ASSIGNMENT: Write again exactly the lines in the listing below, starting at the line with "奔驰C级内饰采用环抱式布局,12.3英寸" and ending at the line with "黄玏爱花,也喜欢在花前留影,莱安逸珲院内", both included. Pictures are not copied.

MATERIAL PROVIDED:
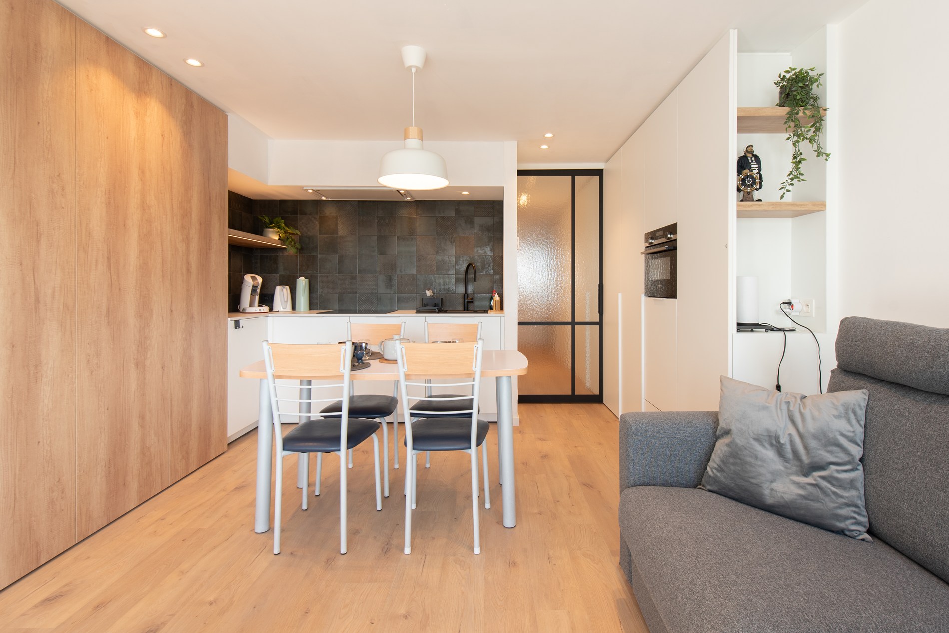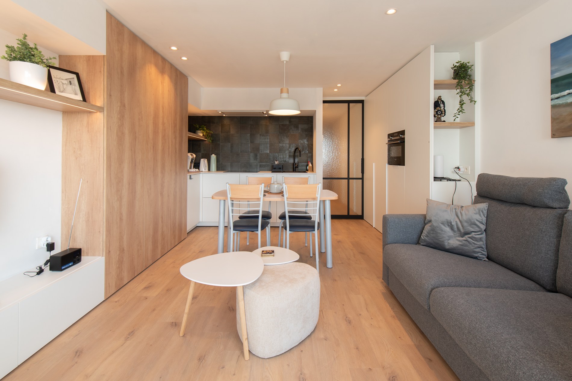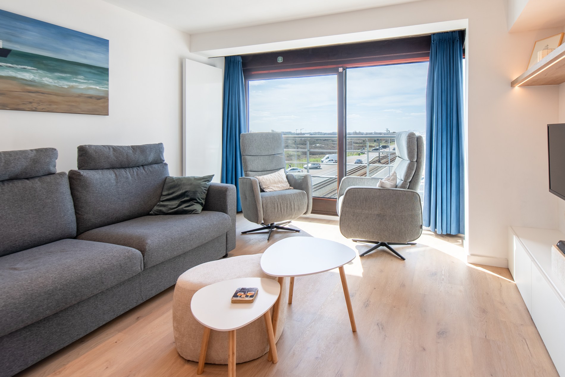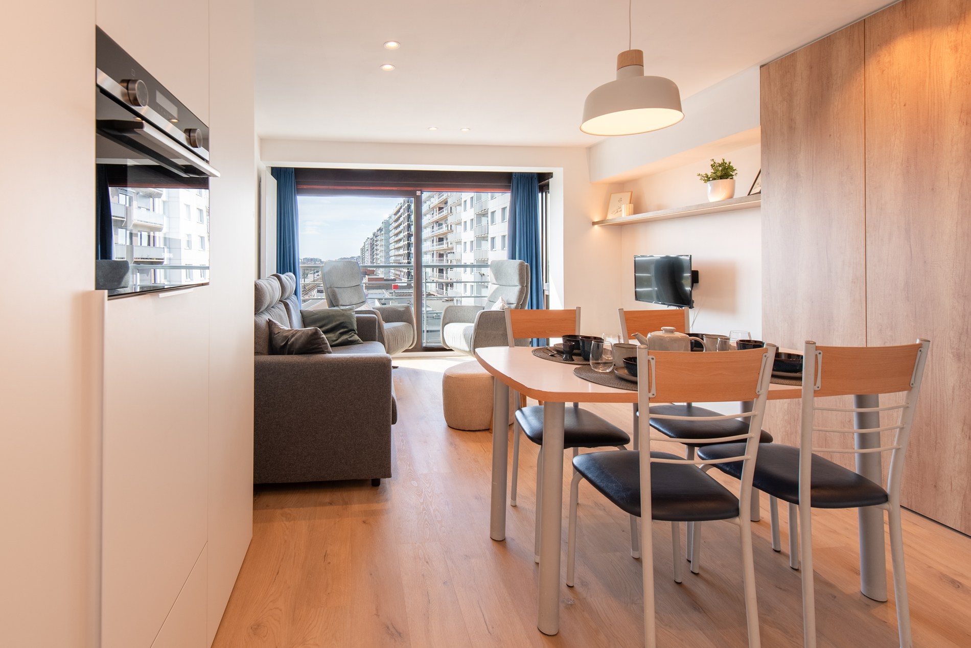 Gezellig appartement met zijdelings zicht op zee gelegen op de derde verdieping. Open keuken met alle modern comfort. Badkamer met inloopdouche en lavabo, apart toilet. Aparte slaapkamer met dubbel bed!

--

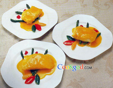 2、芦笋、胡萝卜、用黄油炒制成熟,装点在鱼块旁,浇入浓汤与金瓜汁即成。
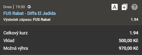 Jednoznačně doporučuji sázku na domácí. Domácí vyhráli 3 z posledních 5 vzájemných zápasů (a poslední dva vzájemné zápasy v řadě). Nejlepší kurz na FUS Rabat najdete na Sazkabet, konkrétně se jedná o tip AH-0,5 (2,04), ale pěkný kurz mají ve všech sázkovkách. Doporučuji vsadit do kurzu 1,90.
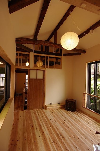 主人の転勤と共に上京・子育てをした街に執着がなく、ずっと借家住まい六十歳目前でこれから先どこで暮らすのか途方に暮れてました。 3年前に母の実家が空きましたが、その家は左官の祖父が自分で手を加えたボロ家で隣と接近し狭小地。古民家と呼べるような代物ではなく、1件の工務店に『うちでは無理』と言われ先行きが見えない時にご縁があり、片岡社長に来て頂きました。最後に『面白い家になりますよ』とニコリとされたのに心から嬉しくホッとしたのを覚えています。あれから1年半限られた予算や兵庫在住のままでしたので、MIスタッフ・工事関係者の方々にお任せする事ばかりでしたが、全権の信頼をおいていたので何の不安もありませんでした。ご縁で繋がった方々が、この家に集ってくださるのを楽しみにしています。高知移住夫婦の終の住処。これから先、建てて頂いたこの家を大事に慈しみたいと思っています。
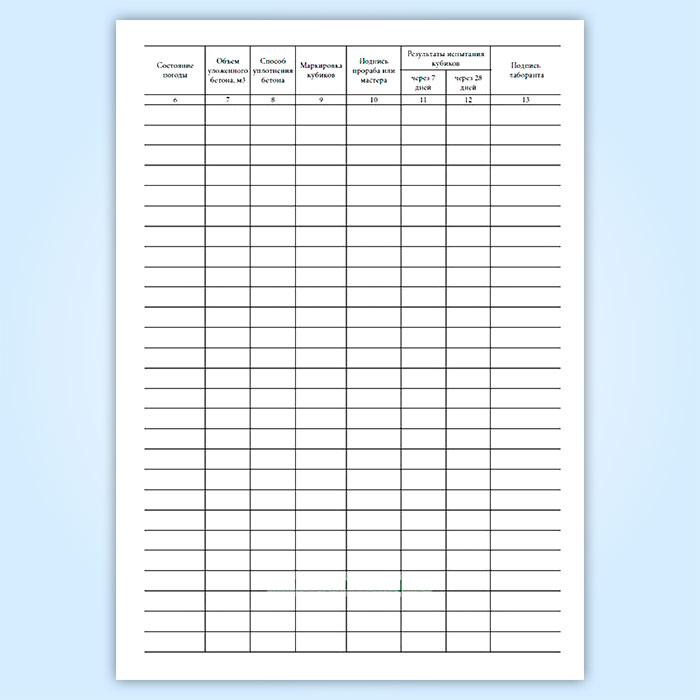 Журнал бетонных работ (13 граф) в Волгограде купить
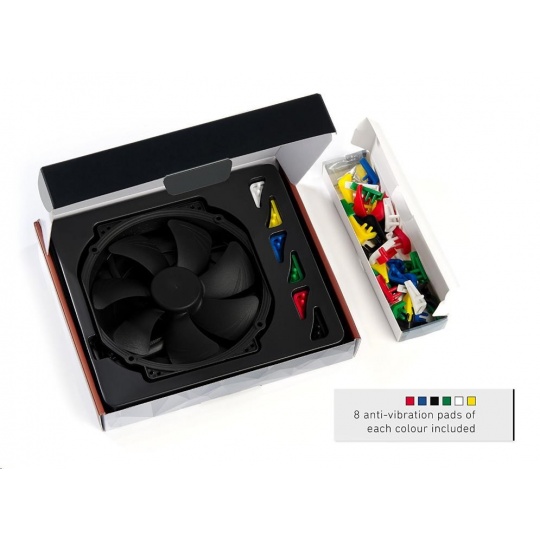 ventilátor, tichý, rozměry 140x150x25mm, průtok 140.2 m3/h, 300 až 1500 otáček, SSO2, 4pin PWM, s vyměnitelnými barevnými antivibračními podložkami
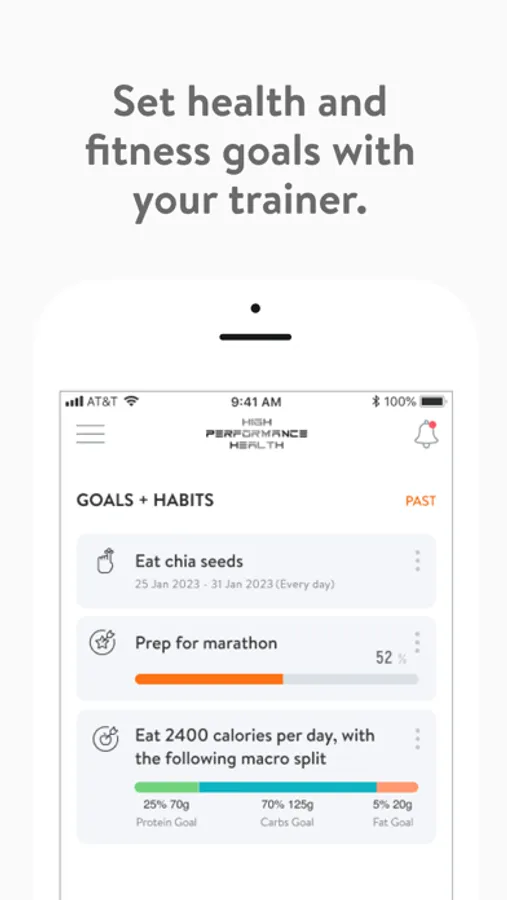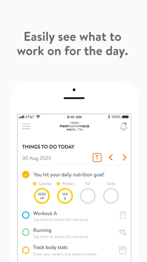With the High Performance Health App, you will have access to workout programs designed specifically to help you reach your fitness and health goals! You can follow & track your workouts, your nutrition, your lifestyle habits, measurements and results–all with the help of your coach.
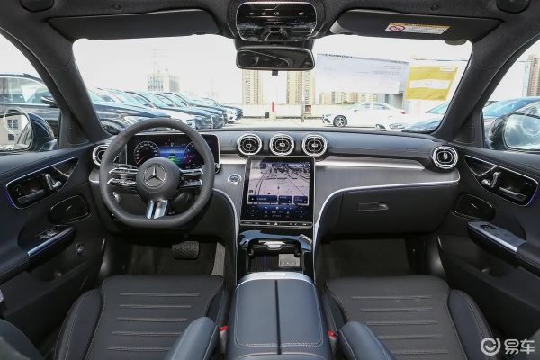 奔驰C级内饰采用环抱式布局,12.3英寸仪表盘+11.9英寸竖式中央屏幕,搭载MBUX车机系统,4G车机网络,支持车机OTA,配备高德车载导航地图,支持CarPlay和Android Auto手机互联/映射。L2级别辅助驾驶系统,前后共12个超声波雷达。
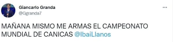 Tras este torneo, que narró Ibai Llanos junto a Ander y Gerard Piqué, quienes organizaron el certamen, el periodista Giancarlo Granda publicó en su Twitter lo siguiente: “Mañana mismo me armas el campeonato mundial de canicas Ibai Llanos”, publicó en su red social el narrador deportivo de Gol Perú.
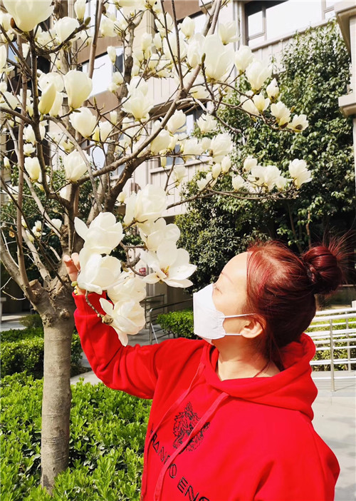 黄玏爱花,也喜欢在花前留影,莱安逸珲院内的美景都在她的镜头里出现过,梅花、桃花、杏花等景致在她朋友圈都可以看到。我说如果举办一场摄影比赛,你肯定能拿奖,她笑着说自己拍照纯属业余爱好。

...

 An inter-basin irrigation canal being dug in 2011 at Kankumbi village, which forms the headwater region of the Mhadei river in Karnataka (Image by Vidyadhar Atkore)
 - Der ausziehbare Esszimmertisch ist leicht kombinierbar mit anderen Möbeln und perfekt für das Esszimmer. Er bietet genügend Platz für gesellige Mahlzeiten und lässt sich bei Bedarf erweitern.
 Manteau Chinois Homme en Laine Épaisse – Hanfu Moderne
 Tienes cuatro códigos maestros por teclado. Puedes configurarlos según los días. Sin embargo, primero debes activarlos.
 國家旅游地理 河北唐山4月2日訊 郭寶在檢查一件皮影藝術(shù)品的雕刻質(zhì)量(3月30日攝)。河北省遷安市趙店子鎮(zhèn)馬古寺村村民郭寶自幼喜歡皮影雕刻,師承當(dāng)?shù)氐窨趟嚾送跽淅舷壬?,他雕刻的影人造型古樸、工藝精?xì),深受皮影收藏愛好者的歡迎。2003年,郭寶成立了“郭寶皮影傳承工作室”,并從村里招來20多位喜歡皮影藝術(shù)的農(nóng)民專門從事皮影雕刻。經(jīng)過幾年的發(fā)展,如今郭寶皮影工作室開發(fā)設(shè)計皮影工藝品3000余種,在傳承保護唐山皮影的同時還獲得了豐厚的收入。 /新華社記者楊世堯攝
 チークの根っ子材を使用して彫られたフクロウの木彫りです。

RESPONSE BOX:
 奔驰C级内饰采用环抱式布局,12.3英寸仪表盘+11.9英寸竖式中央屏幕,搭载MBUX车机系统,4G车机网络,支持车机OTA,配备高德车载导航地图,支持CarPlay和Android Auto手机互联/映射。L2级别辅助驾驶系统,前后共12个超声波雷达。
 Tras este torneo, que narró Ibai Llanos junto a Ander y Gerard Piqué, quienes organizaron el certamen, el periodista Giancarlo Granda publicó en su Twitter lo siguiente: “Mañana mismo me armas el campeonato mundial de canicas Ibai Llanos”, publicó en su red social el narrador deportivo de Gol Perú.
 黄玏爱花,也喜欢在花前留影,莱安逸珲院内的美景都在她的镜头里出现过,梅花、桃花、杏花等景致在她朋友圈都可以看到。我说如果举办一场摄影比赛,你肯定能拿奖,她笑着说自己拍照纯属业余爱好。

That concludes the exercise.